Task goal ▸ The answer is the full set of records, given again exactly and without images.

==========

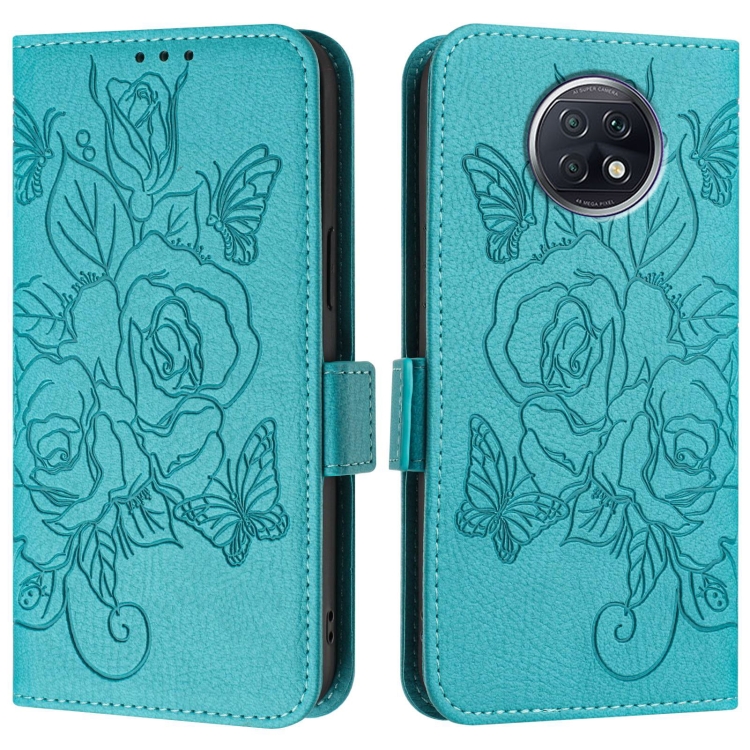 Funda de Cuero Antirrobo con Rfid y Diseño En Relieve para Redmi Note 9T (Azul Claro)
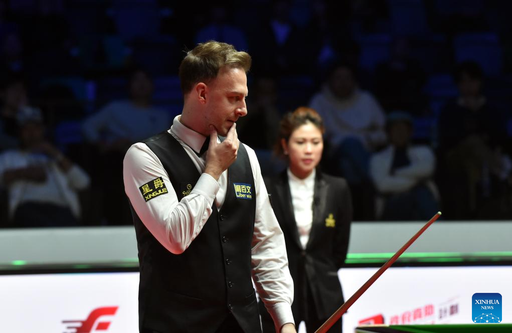 Judd Trump reacts during the semifinal match between England's Stuart Bingham and England's Judd Trump at the Snooker World Grand Prix 2025 in Hong Kong, south China, March 8, 2025. (Xinhua/Lo Ping Fai)
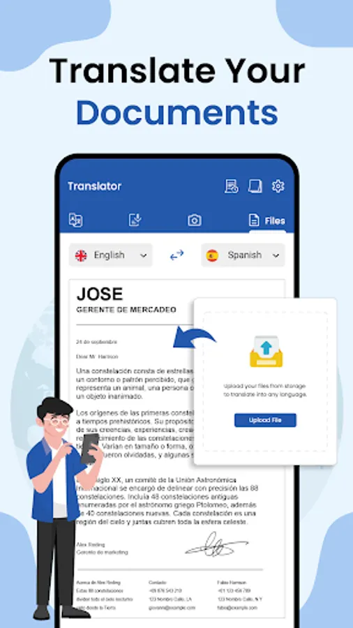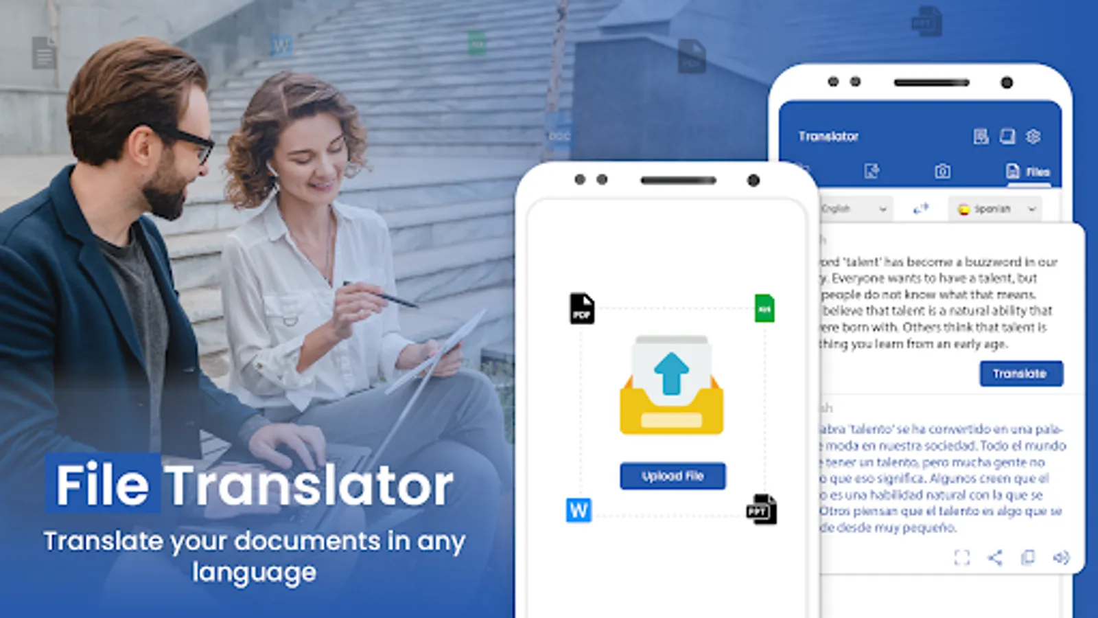 All Language Translation App is a complete solution for all your file translation needs. Effortlessly upload and translate various file types, including documents, presentations, and spreadsheets. This ensures that your documents, presentations, reports, and other file types are translated with remarkable accuracy. Our File Translation service supports an extensive range of file types, including Microsoft Word documents, PowerPoint presentations, Excel spreadsheets, PDFs. You can simply upload your file, select the source and target languages. You'll receive a translated file that respects original formatting and design, allowing you to share your message confidently.
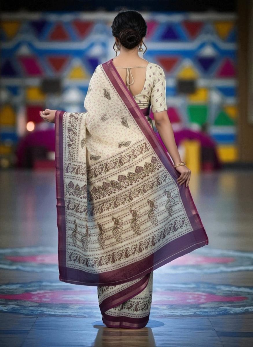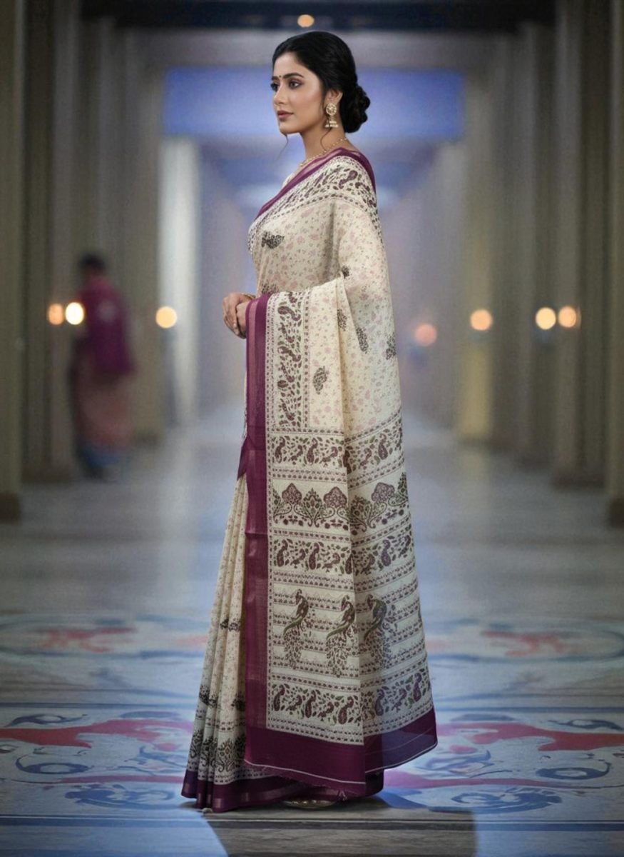 Material: 100% Pure Handloom Cotton Weave Type: Handloom Print Type: High-Resolution All-Over Digital Print Saree Length: 5.5 Meters Blouse Piece: Yes, an attached 0.8-meter blouse piece with a matching print. Weight: Lightweight Feel: Soft, comfortable, and breathable fabric. Easy to drape. Care Instructions: Gentle hand washing in cold water with mild detergent is recommended. Do not bleach or wring. Dry in a shaded area to preserve the colors. Use a warm iron. Occasion: Office Wear, Daily Wear, Casual Outings, Festive Brunches, Small Gatherings. Package Contains: 1 Saree with Attached Blouse Piece. Disclaimer: Product color may slightly vary due to photographic lighting sources or your monitor settings. Minor irregularities are a characteristic of the handloom weaving process and add to the product's charm. Woven by skilled artisans, the pure cotton fabric is the soul of this saree. It is incredibly lightweight, soft against the skin, and exceptionally breathable, making it a perfect companion for the Indian climate. The inherent texture of handloom adds a touch of authenticity and character that machine-made fabrics cannot replicate. Enjoy comfort that lasts all day, whether you're in an office meeting or at a casual get-together.
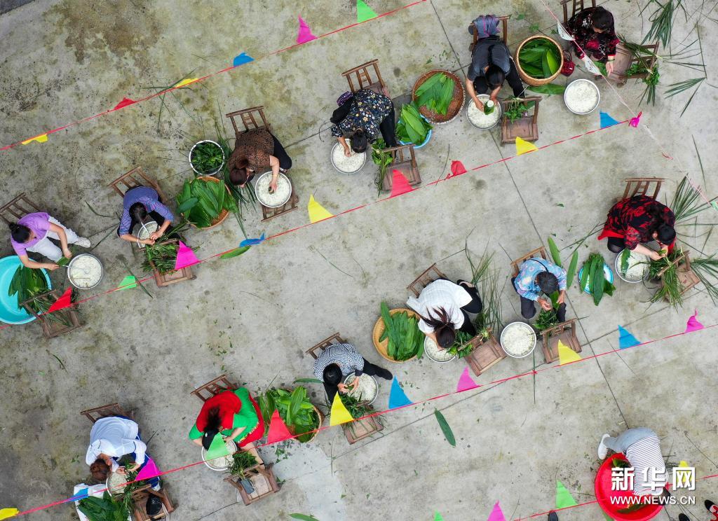 6月2日,貴州省銅仁市玉屏侗族自治縣亞魚鄉(xiāng)郭家灣村村民參加包粽子比賽(無人機(jī)照片)。端午節(jié)將至,貴州省銅仁市玉屏侗族自治縣亞魚鄉(xiāng)郭家灣村舉行“我們的節(jié)日,端午”群眾文化活動,村民們聚在一起比賽包粽子,喜迎端午節(jié)。新華社發(fā)(胡攀學(xué)攝)
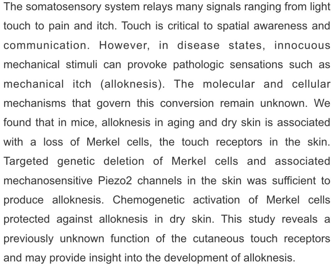 (导读 郭怿暄)病理状态下无害的机械刺激可产生病理性感觉,如机械痒(痒觉异化),但其分子机制尚不清楚。本研究发现小鼠中因衰老或皮肤干燥出现的痒觉异化与触觉接收器 Merkel 细胞的丢失相关。靶向敲除皮肤中 Merkel 细胞以及机械敏感的 Piezo2 通道可引起痒觉异化,而使用化学遗传学方法激活 Merkel 细胞可以保护干燥皮肤免遭慢性瘙痒。

==========

Reply to the task ▸
 Funda de Cuero Antirrobo con Rfid y Diseño En Relieve para Redmi Note 9T (Azul Claro)
 Judd Trump reacts during the semifinal match between England's Stuart Bingham and England's Judd Trump at the Snooker World Grand Prix 2025 in Hong Kong, south China, March 8, 2025. (Xinhua/Lo Ping Fai)
 All Language Translation App is a complete solution for all your file translation needs. Effortlessly upload and translate various file types, including documents, presentations, and spreadsheets. This ensures that your documents, presentations, reports, and other file types are translated with remarkable accuracy. Our File Translation service supports an extensive range of file types, including Microsoft Word documents, PowerPoint presentations, Excel spreadsheets, PDFs. You can simply upload your file, select the source and target languages. You'll receive a translated file that respects original formatting and design, allowing you to share your message confidently.
 Material: 100% Pure Handloom Cotton Weave Type: Handloom Print Type: High-Resolution All-Over Digital Print Saree Length: 5.5 Meters Blouse Piece: Yes, an attached 0.8-meter blouse piece with a matching print. Weight: Lightweight Feel: Soft, comfortable, and breathable fabric. Easy to drape. Care Instructions: Gentle hand washing in cold water with mild detergent is recommended. Do not bleach or wring. Dry in a shaded area to preserve the colors. Use a warm iron. Occasion: Office Wear, Daily Wear, Casual Outings, Festive Brunches, Small Gatherings. Package Contains: 1 Saree with Attached Blouse Piece. Disclaimer: Product color may slightly vary due to photographic lighting sources or your monitor settings. Minor irregularities are a characteristic of the handloom weaving process and add to the product's charm. Woven by skilled artisans, the pure cotton fabric is the soul of this saree. It is incredibly lightweight, soft against the skin, and exceptionally breathable, making it a perfect companion for the Indian climate. The inherent texture of handloom adds a touch of authenticity and character that machine-made fabrics cannot replicate. Enjoy comfort that lasts all day, whether you're in an office meeting or at a casual get-together.
 6月2日,貴州省銅仁市玉屏侗族自治縣亞魚鄉(xiāng)郭家灣村村民參加包粽子比賽(無人機(jī)照片)。端午節(jié)將至,貴州省銅仁市玉屏侗族自治縣亞魚鄉(xiāng)郭家灣村舉行“我們的節(jié)日,端午”群眾文化活動,村民們聚在一起比賽包粽子,喜迎端午節(jié)。新華社發(fā)(胡攀學(xué)攝)
 (导读 郭怿暄)病理状态下无害的机械刺激可产生病理性感觉,如机械痒(痒觉异化),但其分子机制尚不清楚。本研究发现小鼠中因衰老或皮肤干燥出现的痒觉异化与触觉接收器 Merkel 细胞的丢失相关。靶向敲除皮肤中 Merkel 细胞以及机械敏感的 Piezo2 通道可引起痒觉异化,而使用化学遗传学方法激活 Merkel 细胞可以保护干燥皮肤免遭慢性瘙痒。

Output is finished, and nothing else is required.